_Required action_. Quote all lines below exactly. Images stay out.

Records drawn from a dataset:
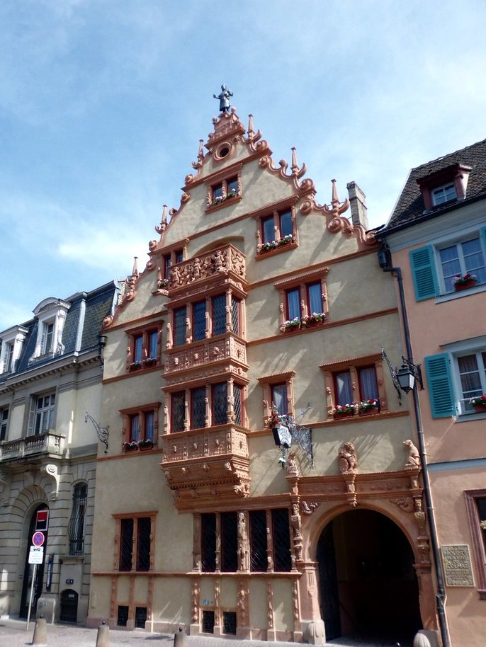 La Maison des Têtes譯作「人頭屋」,建於1609年,座落於同名街道上,街道14世紀即存在。山型牆面上共有描繪賣藝人物臉孔的105個人頭雕刻(也有一說是面具),屋頂上方的青銅像則為自由女神像設計師Bartholdi巴多爾迪的作品,被譽為德國文藝復興時代代表建築之一。(柯爾馬小鎮其實藏著許多巴多爾迪的作品,因為這裡正是他的出生地。)
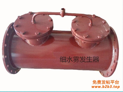 按照上述技术方案制造的细水雾发生器,利用其管道连接法兰连接在瓦斯输送管道上,每隔一定距离安装一个细水雾发生器,向其进水口提供高压水,其腔体内及附近管道内即充满了细水雾。瓦斯由输送管道的始端流向末端,在流通过程中混合了一定量的细水雾,瓦斯不易燃烧或爆炸。如果输送末端发生回火或爆炸,每一个细水雾发生器相当于一个阻火器,能防止沿管道逆向蔓延,细水雾发生器解决了煤矿瓦斯长距离安全输送的技术难题。
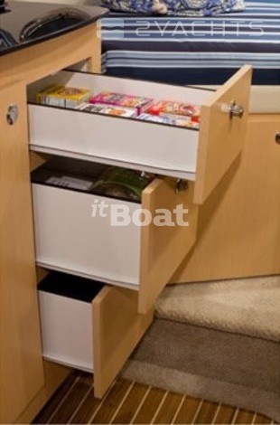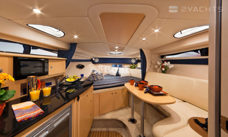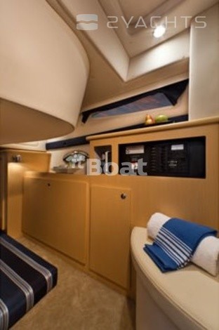 The yacht Bayliner 335 Cruiser is the flagship of the Cruiser line, but the whole model range of the company. Matching this title, the boat offers the owner and his guests the maximum comfort level on Board. This is especially noticeable in the aft cabin with loads of cabinets, stretched across the left side. Radically changed the layout of the cockpit, where on the left side, a large sofa, convertible aft sunbed in the sun. To starboard behind the sofa is a large steering wetbar with a sink, a fridge, a locker and a compartment for trash. The swimming platform for a fee is supplied with an extension that more than doubles its area, and in the transom for the cap hides a compartment where you can put fenders. In the compartment there is a main fuse box, but that's fine because all the electrics meet the standard of IP67 waterproof. As befits a flagship, dynamic characteristics of the Bayliner 335 Cruiser to satisfy the ambitions of the owner. With two petrol 300 HP MerCruiser 350 MAG boat develops quite a decent speed 42.7 node. And with the diesel CMD QSD 4.2 L 270 forces the maximum speed is "only" 38.5 knots, but the autonomy is increased by half up to 375 kilometers.
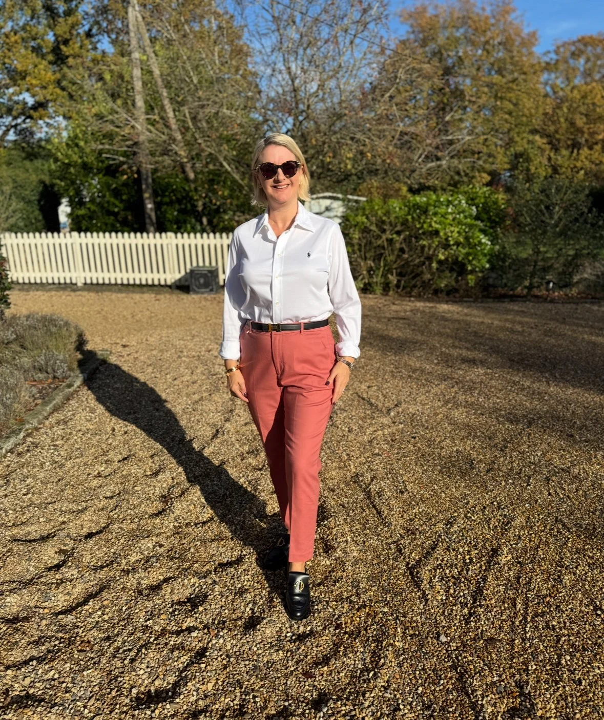Shirt and Trousers from Ralph Lauren, Shoes from Hermes.
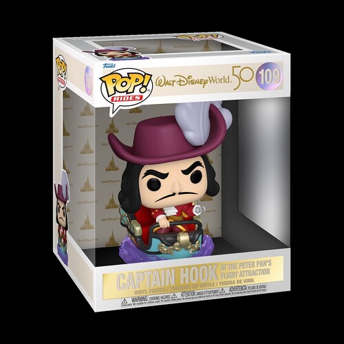 This Walt Disney World 50th Anniversary Captain Hook on Peter Pan's Flight Ride Pop! Vinyl Vehicle comes packaged in a window display box. Ages 3 and up.

_Output for this exercise_.
 La Maison des Têtes譯作「人頭屋」,建於1609年,座落於同名街道上,街道14世紀即存在。山型牆面上共有描繪賣藝人物臉孔的105個人頭雕刻(也有一說是面具),屋頂上方的青銅像則為自由女神像設計師Bartholdi巴多爾迪的作品,被譽為德國文藝復興時代代表建築之一。(柯爾馬小鎮其實藏著許多巴多爾迪的作品,因為這裡正是他的出生地。)
 按照上述技术方案制造的细水雾发生器,利用其管道连接法兰连接在瓦斯输送管道上,每隔一定距离安装一个细水雾发生器,向其进水口提供高压水,其腔体内及附近管道内即充满了细水雾。瓦斯由输送管道的始端流向末端,在流通过程中混合了一定量的细水雾,瓦斯不易燃烧或爆炸。如果输送末端发生回火或爆炸,每一个细水雾发生器相当于一个阻火器,能防止沿管道逆向蔓延,细水雾发生器解决了煤矿瓦斯长距离安全输送的技术难题。
 The yacht Bayliner 335 Cruiser is the flagship of the Cruiser line, but the whole model range of the company. Matching this title, the boat offers the owner and his guests the maximum comfort level on Board. This is especially noticeable in the aft cabin with loads of cabinets, stretched across the left side. Radically changed the layout of the cockpit, where on the left side, a large sofa, convertible aft sunbed in the sun. To starboard behind the sofa is a large steering wetbar with a sink, a fridge, a locker and a compartment for trash. The swimming platform for a fee is supplied with an extension that more than doubles its area, and in the transom for the cap hides a compartment where you can put fenders. In the compartment there is a main fuse box, but that's fine because all the electrics meet the standard of IP67 waterproof. As befits a flagship, dynamic characteristics of the Bayliner 335 Cruiser to satisfy the ambitions of the owner. With two petrol 300 HP MerCruiser 350 MAG boat develops quite a decent speed 42.7 node. And with the diesel CMD QSD 4.2 L 270 forces the maximum speed is "only" 38.5 knots, but the autonomy is increased by half up to 375 kilometers.
Shirt and Trousers from Ralph Lauren, Shoes from Hermes.
 This Walt Disney World 50th Anniversary Captain Hook on Peter Pan's Flight Ride Pop! Vinyl Vehicle comes packaged in a window display box. Ages 3 and up.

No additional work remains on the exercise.